The task
The line containing "Clara de la" marks the start. Restate it and every following line through the end of the records exactly, and nothing else, leaving out the pictures.
##### Entries supplied #####
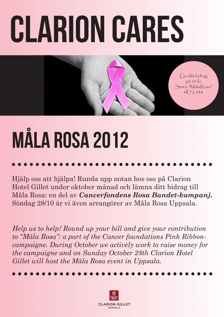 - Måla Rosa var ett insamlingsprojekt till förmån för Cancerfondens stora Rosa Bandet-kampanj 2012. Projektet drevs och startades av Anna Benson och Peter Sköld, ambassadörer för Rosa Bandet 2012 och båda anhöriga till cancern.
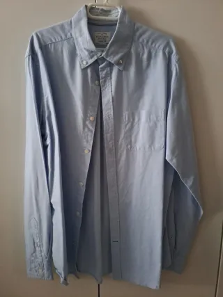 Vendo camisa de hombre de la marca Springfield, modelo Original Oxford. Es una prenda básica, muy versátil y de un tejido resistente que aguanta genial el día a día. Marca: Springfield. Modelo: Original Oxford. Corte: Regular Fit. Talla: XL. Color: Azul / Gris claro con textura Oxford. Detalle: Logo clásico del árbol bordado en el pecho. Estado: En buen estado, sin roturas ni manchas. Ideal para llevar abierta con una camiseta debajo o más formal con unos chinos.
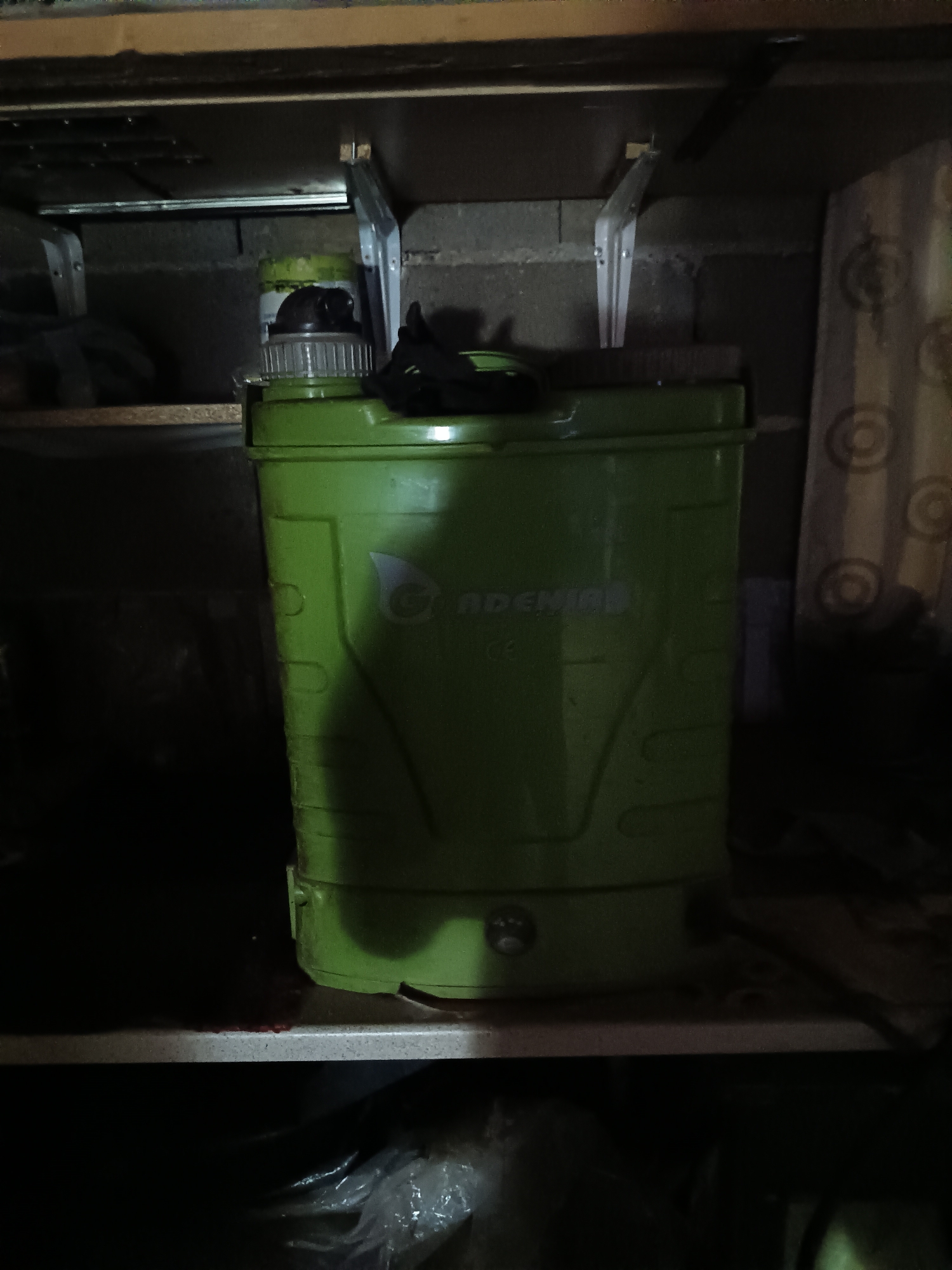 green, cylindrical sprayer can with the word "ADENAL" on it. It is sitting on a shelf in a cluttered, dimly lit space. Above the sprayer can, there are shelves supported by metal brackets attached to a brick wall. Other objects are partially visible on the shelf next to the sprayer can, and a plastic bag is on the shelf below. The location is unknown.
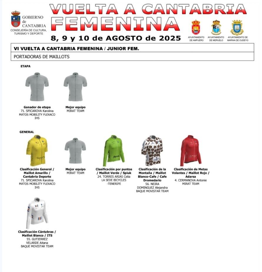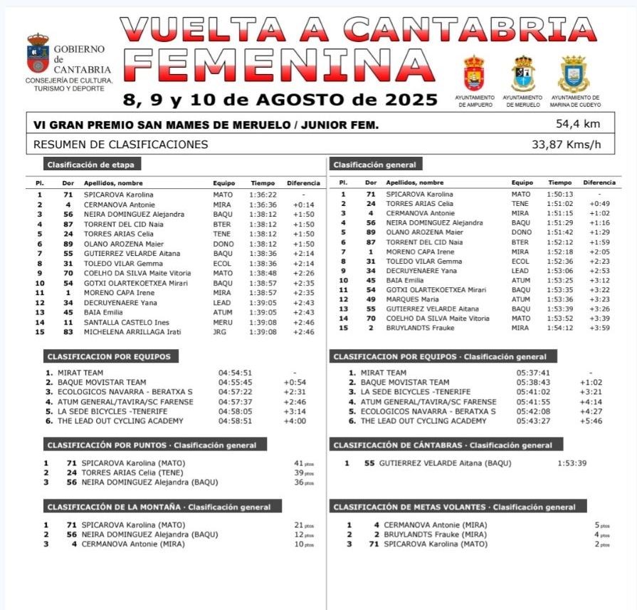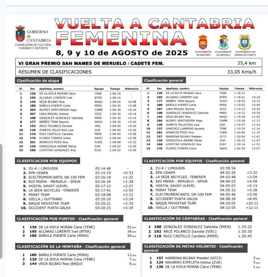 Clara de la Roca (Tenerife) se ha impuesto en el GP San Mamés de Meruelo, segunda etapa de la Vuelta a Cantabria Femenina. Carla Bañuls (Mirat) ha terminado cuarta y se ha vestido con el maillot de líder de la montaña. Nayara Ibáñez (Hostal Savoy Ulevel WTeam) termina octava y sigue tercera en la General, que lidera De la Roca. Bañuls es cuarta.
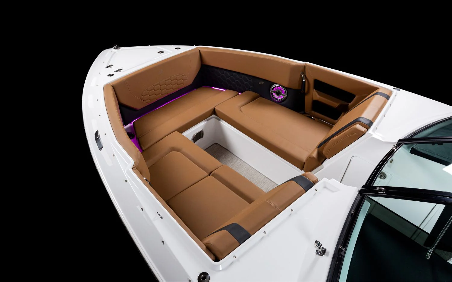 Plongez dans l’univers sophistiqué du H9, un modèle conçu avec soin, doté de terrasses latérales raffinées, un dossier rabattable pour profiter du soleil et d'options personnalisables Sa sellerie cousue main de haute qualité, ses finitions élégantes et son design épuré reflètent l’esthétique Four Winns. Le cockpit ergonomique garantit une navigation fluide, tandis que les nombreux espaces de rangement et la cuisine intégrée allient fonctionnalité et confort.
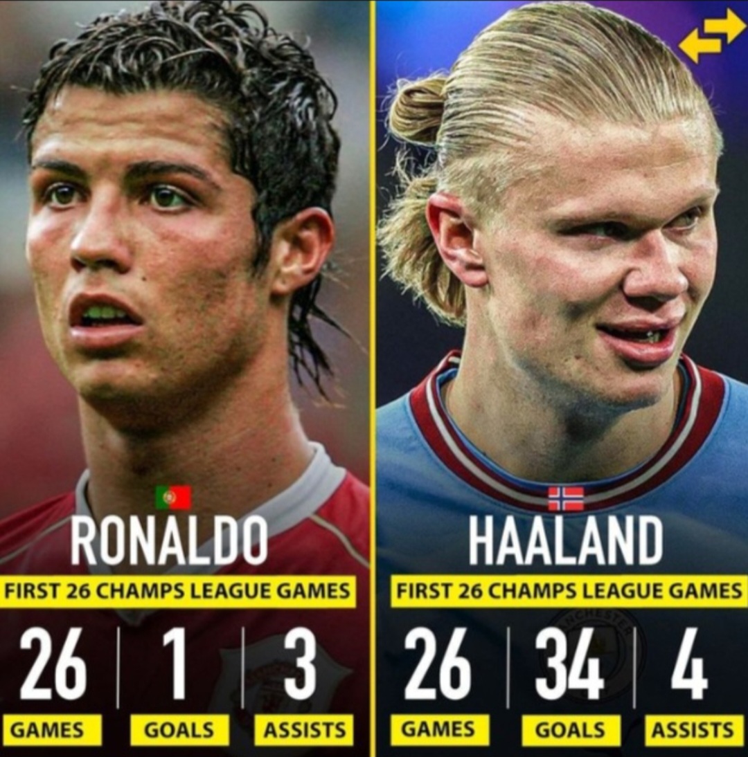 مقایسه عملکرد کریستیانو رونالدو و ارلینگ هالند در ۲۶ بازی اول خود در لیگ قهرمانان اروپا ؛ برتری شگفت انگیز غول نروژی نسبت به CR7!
#####
Answer for this exercise
 Clara de la Roca (Tenerife) se ha impuesto en el GP San Mamés de Meruelo, segunda etapa de la Vuelta a Cantabria Femenina. Carla Bañuls (Mirat) ha terminado cuarta y se ha vestido con el maillot de líder de la montaña. Nayara Ibáñez (Hostal Savoy Ulevel WTeam) termina octava y sigue tercera en la General, que lidera De la Roca. Bañuls es cuarta.
 Plongez dans l’univers sophistiqué du H9, un modèle conçu avec soin, doté de terrasses latérales raffinées, un dossier rabattable pour profiter du soleil et d'options personnalisables Sa sellerie cousue main de haute qualité, ses finitions élégantes et son design épuré reflètent l’esthétique Four Winns. Le cockpit ergonomique garantit une navigation fluide, tandis que les nombreux espaces de rangement et la cuisine intégrée allient fonctionnalité et confort.
 مقایسه عملکرد کریستیانو رونالدو و ارلینگ هالند در ۲۶ بازی اول خود در لیگ قهرمانان اروپا ؛ برتری شگفت انگیز غول نروژی نسبت به CR7!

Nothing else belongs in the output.